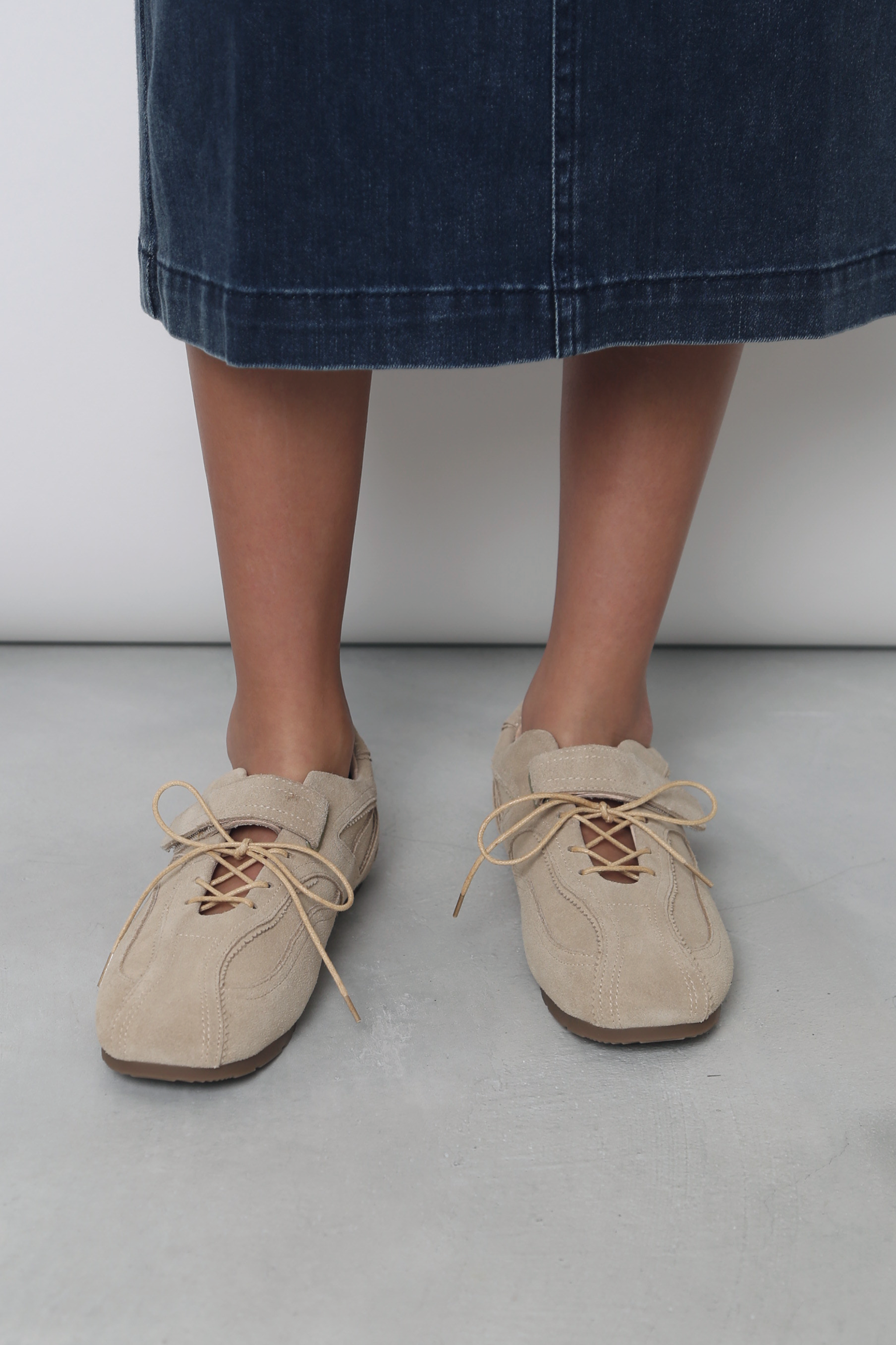 A chic fusion of ballet-inspired elegance and everyday comfort. Crafted from supple nubuck leather, these sneakers offer a soft, matte finish that adds a refined touch to any outfit. Designed with both lace-up and velcro front closures, they provide a secure, customisable fit while keeping the look clean and minimal.
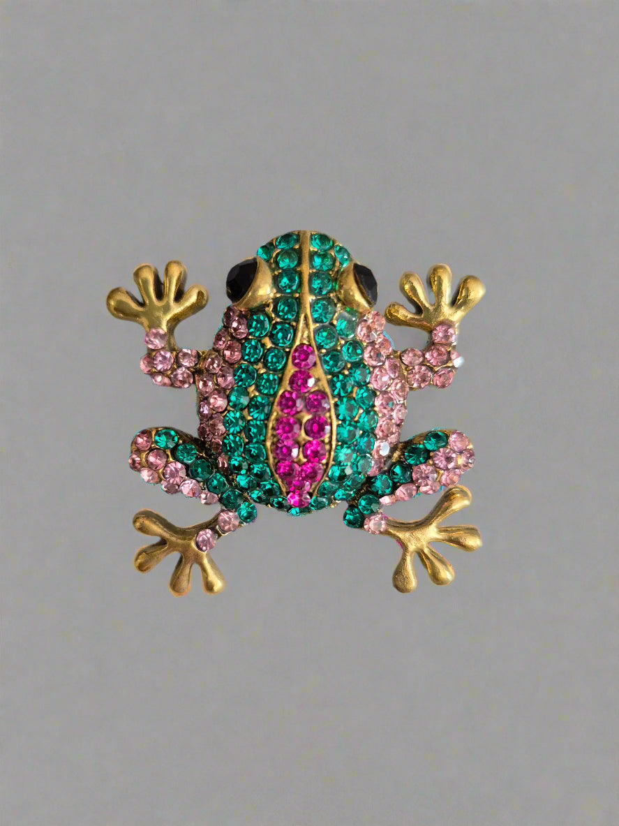 Add a splash of fun to your outfit with this Encrusted Frog Brooch. Sparkling with intricate detailing, it’s the perfect playful accessory to brighten your day and catch curious glances wherever you go. Let this charming little frog hop into your collection and bring a touch of fun to your style!
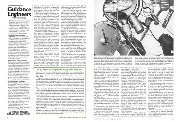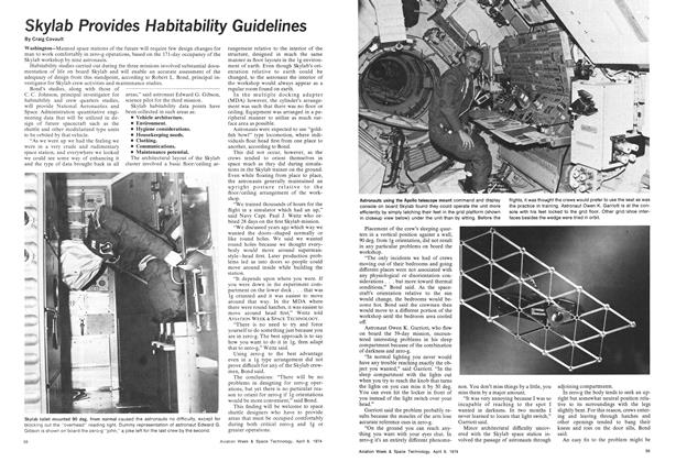 Washington—Manned space stations of the future will require few design changes for man to work comfortably in zero-g operations, based on the 171-day occupancy of the Skylab workshop by nine astronauts. Habitability studies carried out during the three missions involved substantial documentation of life on board Skylab and will enable an accurate assessment of the adequacy of design from this standpoint, according to Robert L. Bond, principal investigator for Skylab crew activities and maintenance studies.
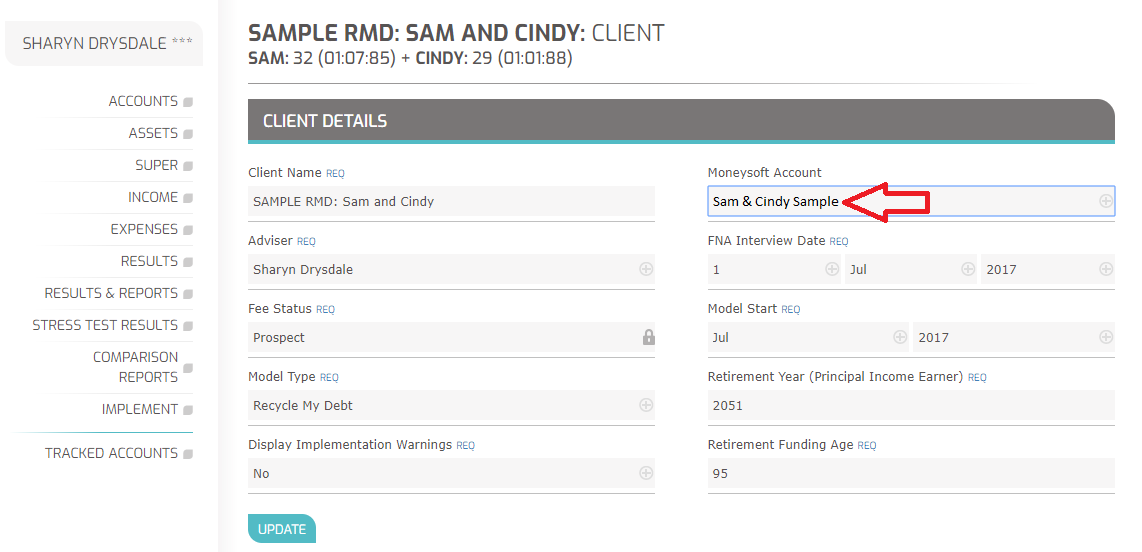 Step 3 - Link the Client's Moneysoft accounts to the Client's Tracked Accounts in Prospera
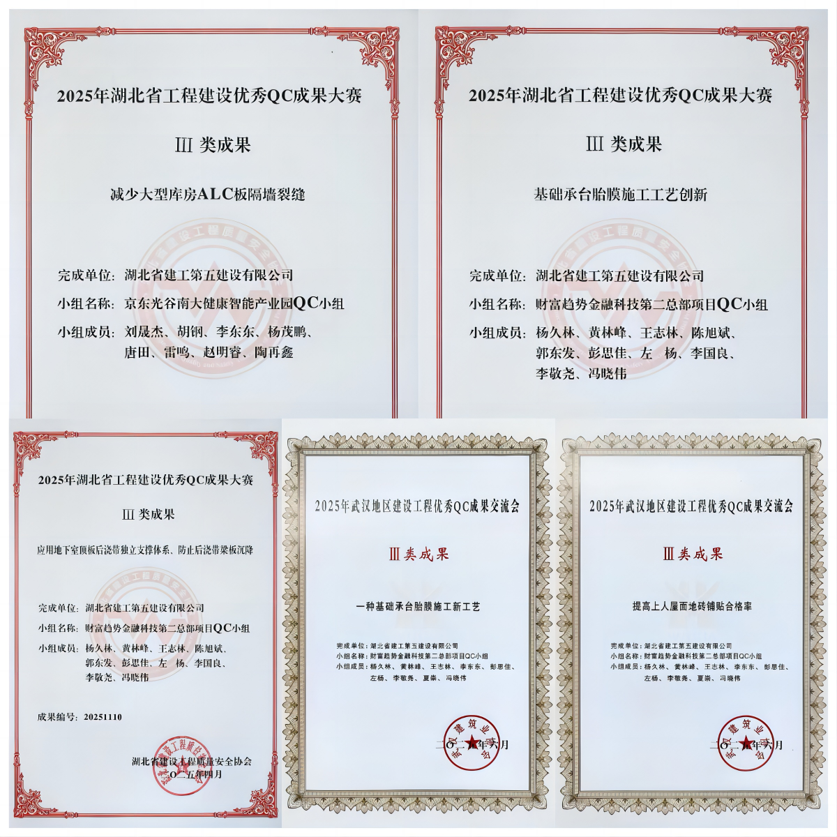 湖北省建设工程质量安全协会、武汉建筑业协会相继公布2025年工程建设优秀QC成果榜单。公司承建的京东光谷南大健康智能产业园项目申报的《减少大型库房ALC板隔墙裂缝》,财富趋势金融科技第二总部项目申报的《基础承台胎膜施工工艺创新》《应用地下室顶板后浇带独立支撑体系、防止后浇带梁板沉降》《提高上人屋面地砖铺贴合格率》《一种基础承台胎膜施工新工艺》,荣获湖北省、武汉市2025年工程建设优秀QC成果共计5项。

----

Could you repeat all of the entries exactly, without any of the images?

Task result:
 A chic fusion of ballet-inspired elegance and everyday comfort. Crafted from supple nubuck leather, these sneakers offer a soft, matte finish that adds a refined touch to any outfit. Designed with both lace-up and velcro front closures, they provide a secure, customisable fit while keeping the look clean and minimal.
 Add a splash of fun to your outfit with this Encrusted Frog Brooch. Sparkling with intricate detailing, it’s the perfect playful accessory to brighten your day and catch curious glances wherever you go. Let this charming little frog hop into your collection and bring a touch of fun to your style!
 Washington—Manned space stations of the future will require few design changes for man to work comfortably in zero-g operations, based on the 171-day occupancy of the Skylab workshop by nine astronauts. Habitability studies carried out during the three missions involved substantial documentation of life on board Skylab and will enable an accurate assessment of the adequacy of design from this standpoint, according to Robert L. Bond, principal investigator for Skylab crew activities and maintenance studies.
 Step 3 - Link the Client's Moneysoft accounts to the Client's Tracked Accounts in Prospera
 湖北省建设工程质量安全协会、武汉建筑业协会相继公布2025年工程建设优秀QC成果榜单。公司承建的京东光谷南大健康智能产业园项目申报的《减少大型库房ALC板隔墙裂缝》,财富趋势金融科技第二总部项目申报的《基础承台胎膜施工工艺创新》《应用地下室顶板后浇带独立支撑体系、防止后浇带梁板沉降》《提高上人屋面地砖铺贴合格率》《一种基础承台胎膜施工新工艺》,荣获湖北省、武汉市2025年工程建设优秀QC成果共计5项。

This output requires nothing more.